William Correa (February 28, 1934 – September 15, 1983), better known by his stage name Willie Bobo, was an American Latin jazz percussionist of Puerto Rican descent. Bobo rejected the stereotypical expectations of Latino music and was noted for combining elements of jazz, Latin and rhythm and blues music.

Early life
Born William Correa to a Puerto Rican family, Bobo grew up in Spanish Harlem, New York City, United States. His father played the cuatro, a ten stringed guitar-like instrument. As a teenager, Bobo taught himself the bongos and later the congas, timbales and drums. In 1947, Bobo started working as a band boy for Machito in order to gain entrance to the band's concerts, sometimes filling in on percussion.

At age 12, he began his professional career as a dancer and two years later made his recording debut as a bongo player.

Career 
He met Mongo Santamaría shortly after his arrival in New York and studied with him while acting as his translator.

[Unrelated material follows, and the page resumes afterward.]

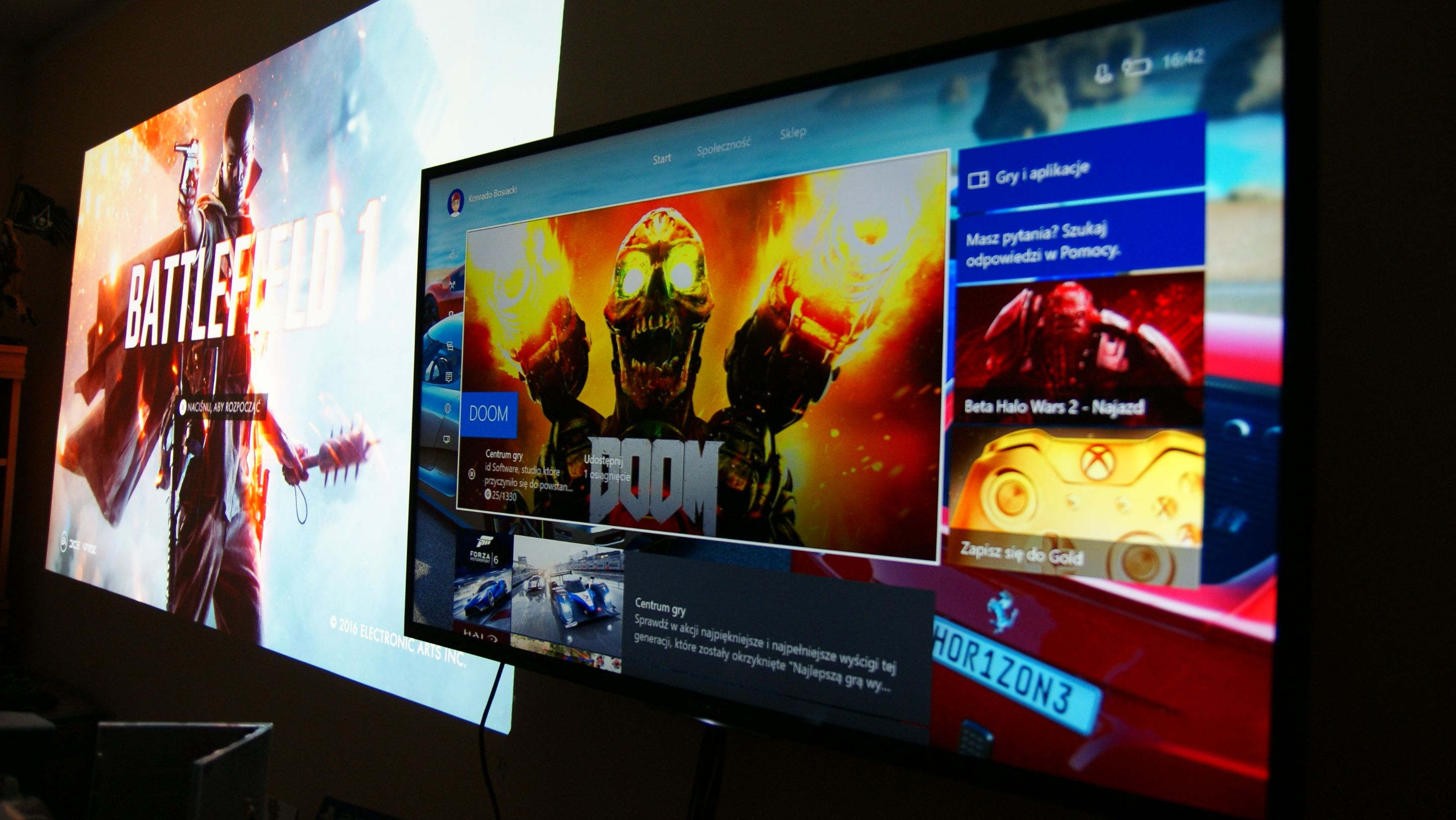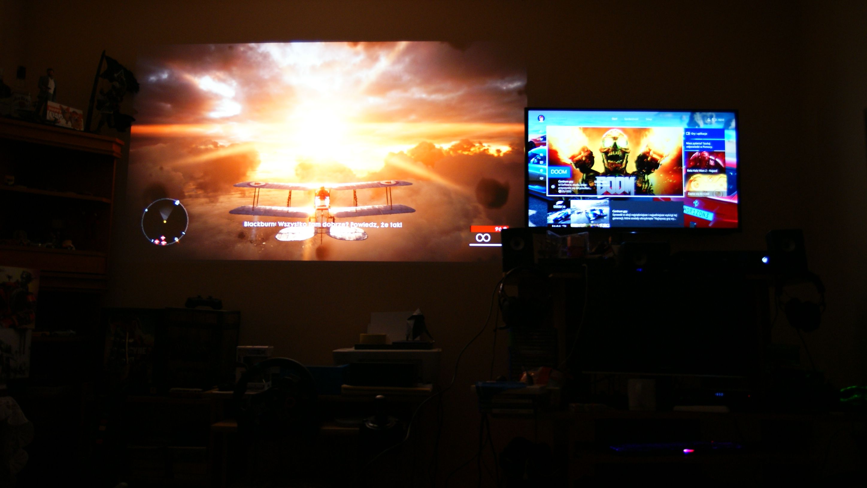 Właśnie rozgrywka. Bardzo się balem, że mimo trybu gier projektor może i tak cierpieć na wysoki input lag. Pierwsze, co odpaliłem na PS4 to mój ulubiony Overwatch. Najpierw mecz treningowy z botami, potem normalną już rywalizacje sieciową. Nie ma absolutnie żadnych opóźnień, gra się komfortowo, rozgrywka jest płynna i można śmiało grać w dynamiczne FPSy. W sieci znalazłem informacje, że ten projektor ma input lag lekko powyżej 30 ms – to fantastyczny wynik, którym nie mogą dzisiaj pochwalić się nawet drogie telewizory. Następnie odpaliłem Battlefield 1 i Diablo 3, także grało się przyjemnie, szczególnie w BF1, który oferuje fantastyczną oprawę graficzną. Na Xboxie One testowałem Forza Horizon 3. W tych dynamicznych wyścigach także nie dostrzegłem żadnych problemów z płynnością rozgrywki. Przemierzenie dróg Australii na stu calowym ekranie było samą przyjemnością. Nie zauważyłem żadnego smużenia, odwzorowanie ruchu na wyświetlanym ekranie jest bardzo dobre.

In the early 1950s, Bobo recorded with Mary Lou Williams. She is said to have first given the nickname "Bobo" which means life-of-the-party in Spanish.

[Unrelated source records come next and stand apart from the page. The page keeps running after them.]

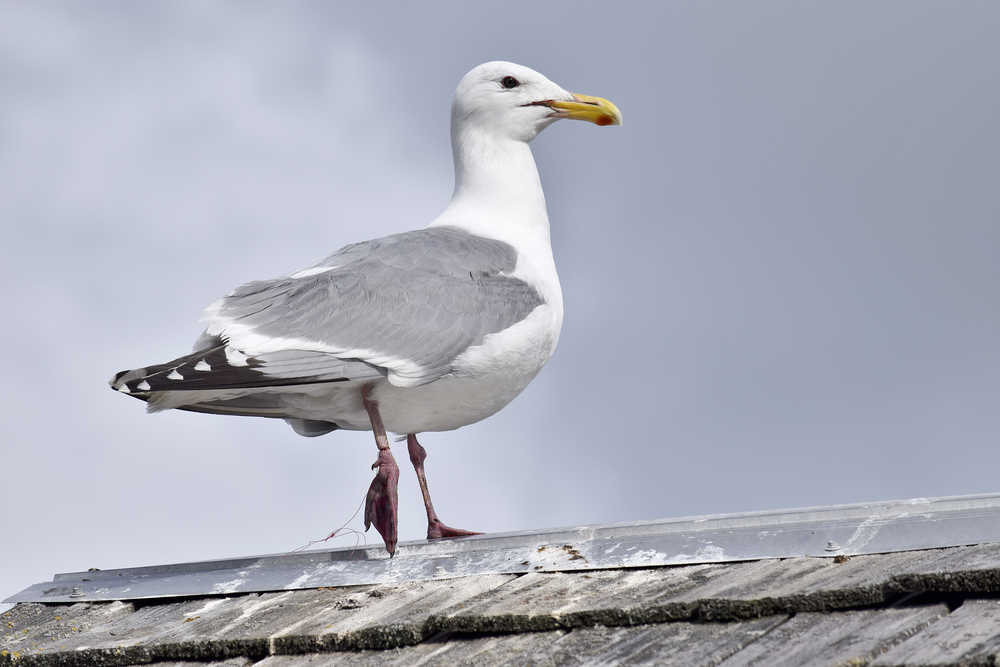 Photo by Rashah McChesney/Peninsula Clarion An off balance seagull watches the Pocaher's Cove neighborhood from the roof of a fish processing shack on Wednesday July 1, 2015 in Kenai, Alaska. The gull has a length of fishing line wrapped around its leg and would not stand on it.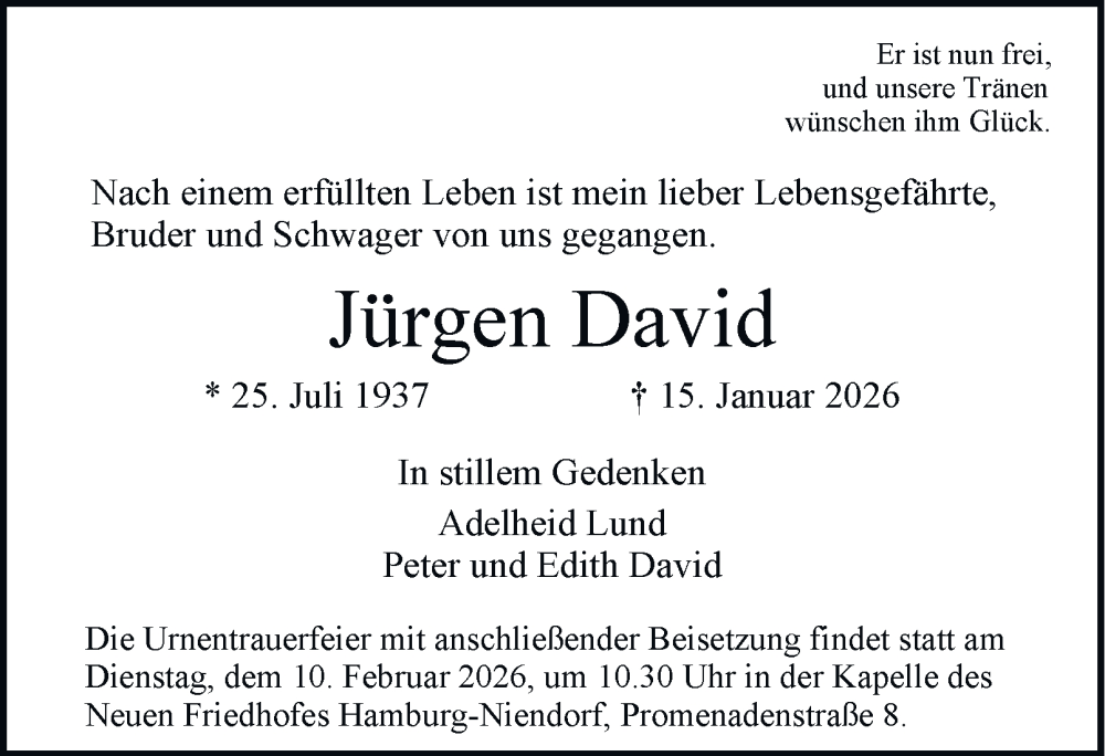 Hier finden Sie alle Traueranzeigen aus der Zeitung, die bisher für Jürgen David erschienen sind. Weitere Traueranzeigen, die in der Zeitung erscheinen, werden hier ebenfalls aufgelistet
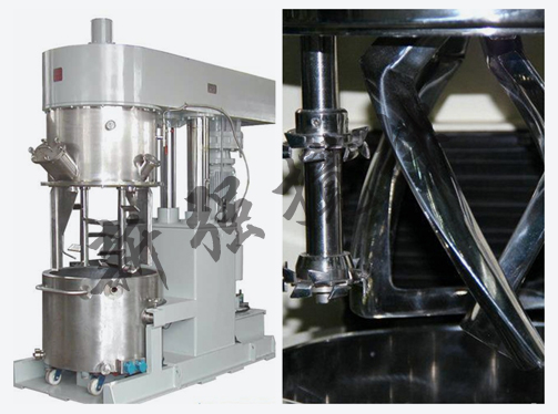 由攪拌桶、攪拌蓋、攪拌動力頭(含兩組低速攪拌槳、兩組高速分散器及一組刮壁槳)、溫控裝置、升降裝置、鎖桶裝置及控制系統(tǒng)等組成。

From 1954 until 1957, Bobo played with Tito Puente's band as part of the percussion section alongside Santamaria. Bobo joined George Shearing's band on the album The Shearing Spell.

After leaving Shearing, Cal Tjader asked Bobo and Santamaría to become part of the Cal Tjader Modern Mambo Quintet, who released several albums as the mambo craze reached fever pitch in the late 1950s. Reuniting with his mentor Santamaría in 1960, the pair released the album Sabroso! for the Fantasy label. Bobo later formed his own group, releasing Do That Thing/Guajira with Tico and Bobo's Beat and Let's Go Bobo for Roulette, without achieving huge penetration.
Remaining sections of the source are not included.